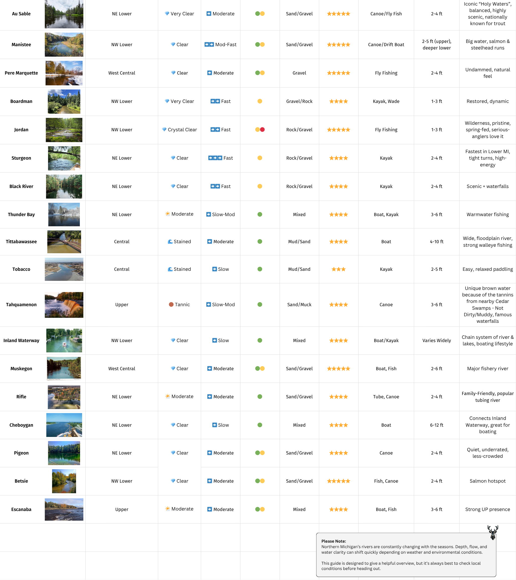 A local perspective on Northern Michigan’s most popular rivers—built to help you explore, experience, and understand the lifestyle each one offers.
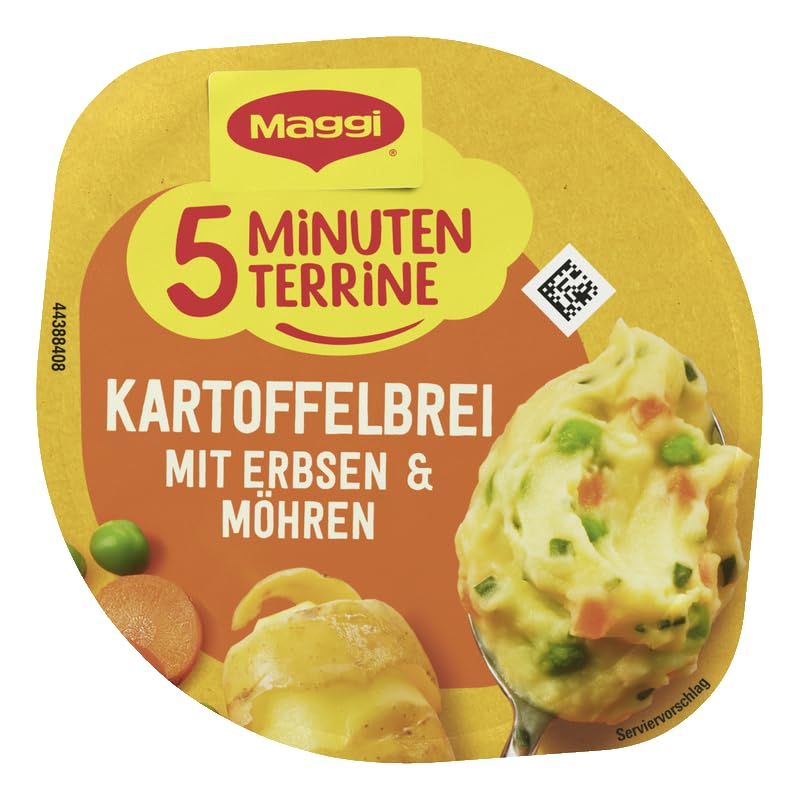 MAGGI 5 Minuten Terrine Kartoffelbrei mit Erbsen und Möhren ; cremig und unheimlich lecker
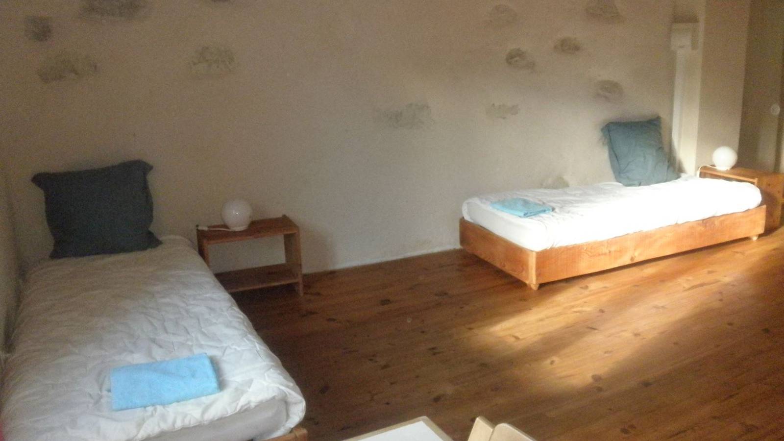 Chambre familiale sur 2 niveaux (lit double en mezzanine). Eco-matériaux: pierre, bois, chaux, chanvre. Sortie indépendante sur terrasse. Possibilité d'ajout de 2 lits. Toilettes séparés de salle d'eau et privatifs
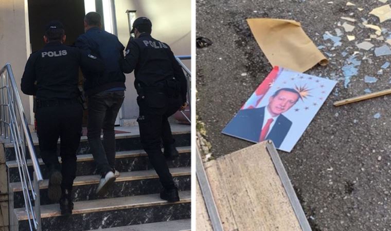 Kaymakamlık binasına giden A.Ç, binanın giriş kısmında bulunan Cumhurbaşkanı Erdoğan’ın fotoğrafını alıp yere attı. A.Ç., polis ekiplerince gözaltına alındı.
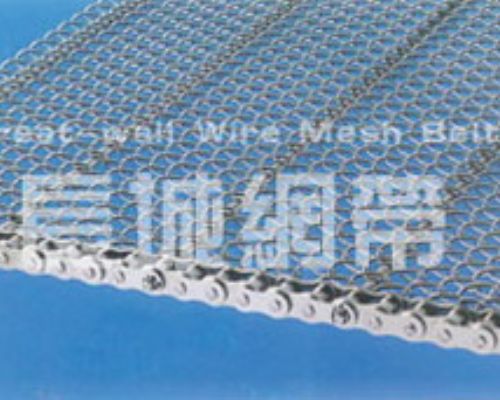 These belts are made by fiting chains to both sides of ordinary Wire conveyor belt.Belt and chain are synchronized through Stays(cross supports).
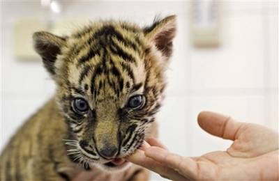 中新網(wǎng)2月26日電 以色列耶路撒冷動(dòng)物園里的一只蘇門答臘虎,兩個(gè)月前生了兩只小老虎,沒想到母老虎不但不管小老虎,還差點(diǎn)吃掉它們,最后只有一只小老虎成功活下來。動(dòng)物園獸醫(yī)無計(jì)可施,最后只好把小老虎帶回家養(yǎng),暫時(shí)充當(dāng)起虎保姆。
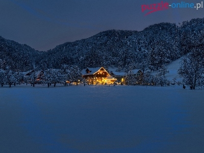 Dom, Lasy, Zima, Góry, Oświetlony, Noc

══════════

◆ EXERCISE DESCRIPTION
Only the text of the listing above is copied, exactly as written; its pictures are dropped.

◆ SOLUTION
 A local perspective on Northern Michigan’s most popular rivers—built to help you explore, experience, and understand the lifestyle each one offers.
 MAGGI 5 Minuten Terrine Kartoffelbrei mit Erbsen und Möhren ; cremig und unheimlich lecker
 Chambre familiale sur 2 niveaux (lit double en mezzanine). Eco-matériaux: pierre, bois, chaux, chanvre. Sortie indépendante sur terrasse. Possibilité d'ajout de 2 lits. Toilettes séparés de salle d'eau et privatifs
 Kaymakamlık binasına giden A.Ç, binanın giriş kısmında bulunan Cumhurbaşkanı Erdoğan’ın fotoğrafını alıp yere attı. A.Ç., polis ekiplerince gözaltına alındı.
 These belts are made by fiting chains to both sides of ordinary Wire conveyor belt.Belt and chain are synchronized through Stays(cross supports).
 中新網(wǎng)2月26日電 以色列耶路撒冷動(dòng)物園里的一只蘇門答臘虎,兩個(gè)月前生了兩只小老虎,沒想到母老虎不但不管小老虎,還差點(diǎn)吃掉它們,最后只有一只小老虎成功活下來。動(dòng)物園獸醫(yī)無計(jì)可施,最后只好把小老虎帶回家養(yǎng),暫時(shí)充當(dāng)起虎保姆。
 Dom, Lasy, Zima, Góry, Oświetlony, Noc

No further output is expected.